This doesn't help. If the email address check says the address has been exposed it doesn't tell you which password that was used together with that has been exposed.
Was it one from 10 years ago you don't even remember? Or that's still actively in use? Which one of my hundreds of passwords?
Doesn't help. Some accounts are old and may not be in my current PW DB. Or they were memorized, or forgotten.
If the thing suggests the EMAIL (+ associated password) has been compromised for some unknown account then to do a risk assessment I would have find which account it belongs to, not which currently-in-use passwords match the same datasets.
Those are different queries, providing different bits of information.
Here's what I'm suggesting: query all your current passwords against the password API. Then you'll know which of your current password are compromised. Change them.
You don't need to query old passwords, only current passwords. If you're talking about accounts that you've forgotten the password to: then do you care about those accounts? If yes, probably best to do a password reset and set a new password. If you don't care about the account, then why bother?
As for why HIBP doesn't provide an API linking passwords to emails: HIBP has no database that links passwords and emails. So they can't provide any way to query that. They don't want to be in the business of linking passwords to emails.
Spaces are skewing the numbers lower. Remove them from any of those and see the number increase at least an order of magnitude. That “let me login” goes from 0 to 4,714 just by removing spaces (“letmelogin”).
You can check against the API with just the first characters of your hashed password (SHA-1 or NTLM), for example: https://api.pwnedpasswords.com/range/21BD1 or you can download the entire dataset.

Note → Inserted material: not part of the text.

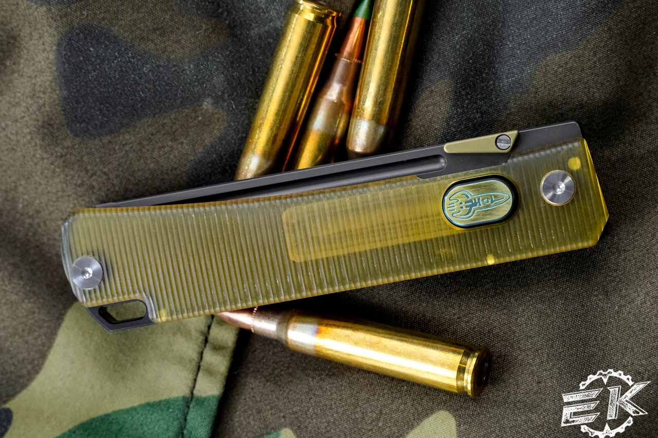 Contoured ULTEM handles with VG-10 Blade, The blade comes in DLC Black or Satin.
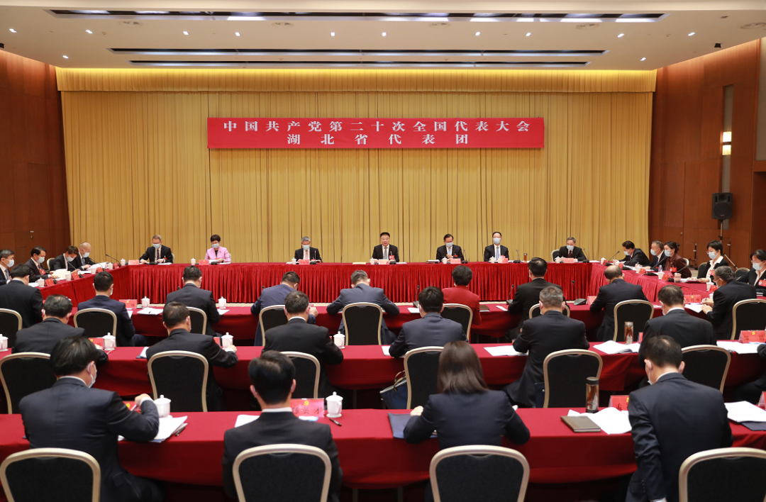 10月16日下午,出席党的二十大的湖北代表团召开全体会议,传达学习习近平总书记在党的十九届七中全会上关于党的二十大报告起草工作的说明,认真研读、学习讨论党的二十大报告。

It's not a database, it's just files. And they are hosted by Cloudflare so they can cope with a lot of downloads.
I think he should make the files smaller my removing the second half of the hashes, i.e. reduce it from 40 hex digits to 20. This increases the change of a false positive (i.e. I enter my password, it says it was compromised but it wasn't, it just has the same hash as one that did) from 1 in 10^48 to 1 in 10^24 (per password), but that's still a huge number. (There's less than 10^10 people in the world, they only have a few passwords each). This will approximately halve the download, maybe more because the first half of each hash is more compressible (when sorted) the second half is totally random.
> You are being purposefully obtuse here. HIBP is a very, very well established site with a long history of operating in good faith.
Allowing people to query and someone downloading the entire dataset is normally considered abuse, so being blocked is the expectation here. You're so dense you're bending light around you.
I remember when I was searching the file for some passwords my friends and family use, it took me a while to work out that number too. There are some passwords that many people seem to independently come up with and think must be reasonably secure. I suppose they are to the most basic of attacks.
HaveIBeenPwned has been around for ages and it does not send your password to the server - you can check it with the browser console. It hashes it, sends a range of the hash to the server, server replies with a list of hashes that match that range and it's checked locally for a match.
Still, I would not trust that. The password could be leaked through other means, for example by setting a timer, and exfiltrating fragments of it across future requests.
The website loads some external fonts and spits out many warnings in the console by default. Does not instill confidence in the truly paranoid hacker.
I was going to provide my passwords to any random person on the internet, Troy Hunt might be close to the top of the list, but I think your sentiment is sensible.
I remember searching the dataset being fairly straight forward. It's been a while since I've done it, but I think I just downloaded the text file and then grepped it for hashes of my passwords, but I see people doing much more useful things:
> Passwords are protected with an anonymity model, so we never see them (it's processed in the browser itself), but if you're wary, just check old ones you may suspect.
That could mean one might be able to disconnect from the internet while checking.
It's more practical than you may think. Just needs about 40 GBs right now. I did it a couple years back in a fit of peculiar paranoia, downloaded the full hash list and checked all my KeePass-stored passwords at that time against it.
The above post https://news.ycombinator.com/item?id=45840724 links to 71.3 KiB of data; since it's a 5-nybble prefix (20 bits) we may easily estimate a size of 71.3 GiB assuming that's a representative sample. Not unfeasible nowadays, but it seems you do have to make separate requests and would presumably be rate-limited on them.
If you only download the hash pages corresponding to passwords you hold, even supposing that everything else is fully compromised, an attacker would have to reverse a couple thousand SHA-1 hashes, dodge hash collisions, and brute-force with the results (yes, yes: arson, murder and jaywalking) to pwn you.